XYZ van de klassieke muziek

Katja Reichenfeld (2003)

Gepubliceerd op 21-03-2017

Versiering

betekenis & definitie

Versiering (Eng. Ornaments, It . fioriture, Fr. Agréments) is een techniek om een melodie op te sieren, vooral geliefd in de periode van de barok, toen door de musici tijdens de uitvoering 'bedacht'.

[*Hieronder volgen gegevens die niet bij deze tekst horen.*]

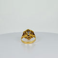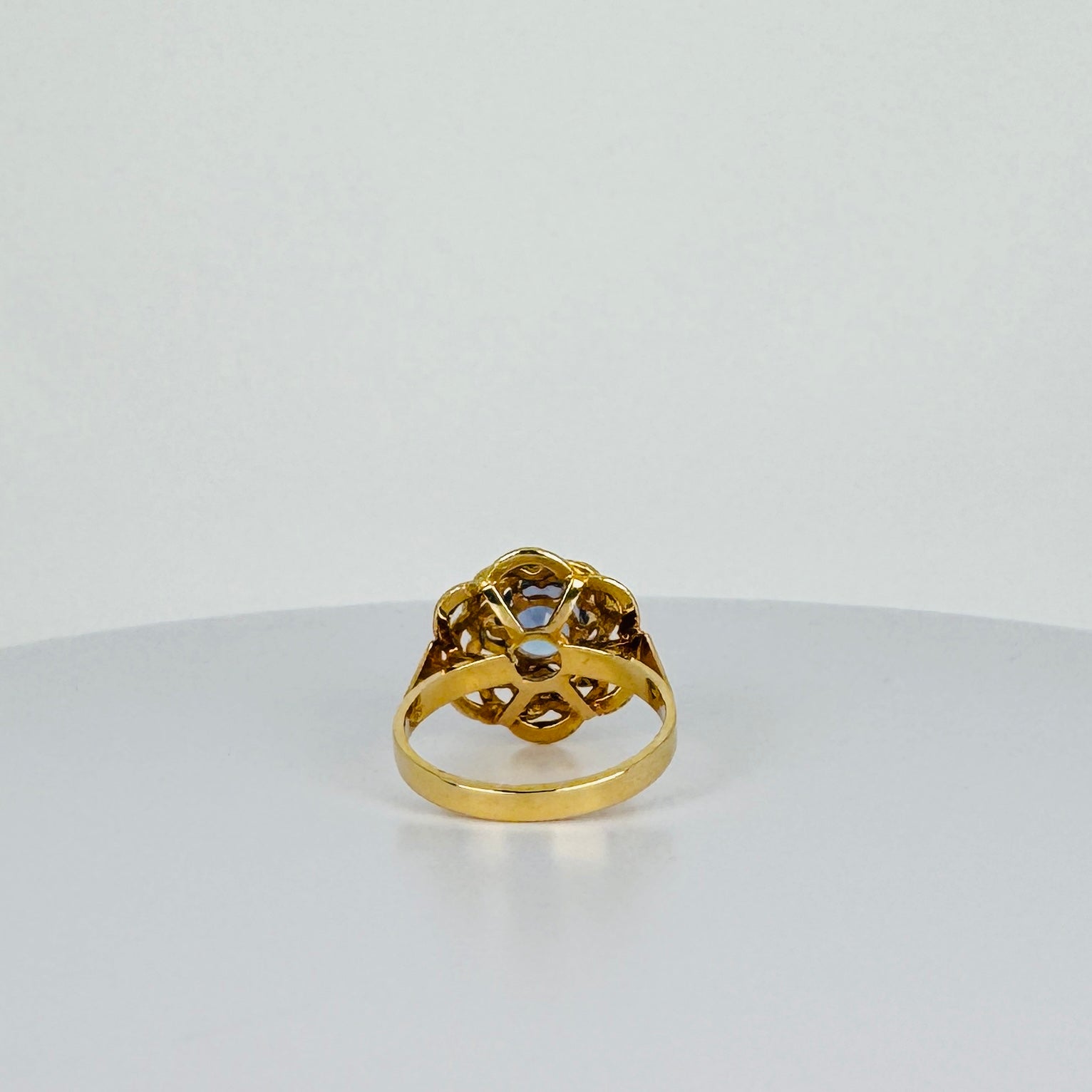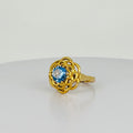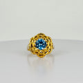 Absoluut schitterende vintage ring met blauwe topaas. Een echte blikvanger! Prachtige topaas edelstenen gezet in massief goud. Deze ring is niet subtiel en dat is precies de bedoeling.

De kunst van het versieren behoorde toen tot de 'uitrusting' van een goed opgeleide musicus, evenals als de kunst van het improviseren. Op diezelfde manier werd er ook in de vroegklassieke periode nog geornamenteerd, maar in de 19e eeuw werden de versieringen steeds meer geïntegreerd in de compositie zelf. De in de barok gebruikelijke versieringen zijn te vatten in drie categorieën: de appoggiatura (It. appogiare, leunen), figuurtjes die leiden naar de volgende melodienoot. 2. de beeffiguurtjes, zoals vibrato, tremolo, 'Bebung', triller, mordent, dubbelslag, praltriller. 3. de onderverdeling of divisie waarbij kleinere notenwaarden (soms hele figuraties) in de plaats komen van lange noten. De coloraturen in het vocale belcanto behoren tot deze categorie. De versieringskunst was juist daarom zo'n belangrijk gedeelte van de uitvoeringspraktijk in de barok, omdat versieringen dienden ter intensivering van de emotie, om nadruk te leggen op een muzikaal statement of om het te kleuren.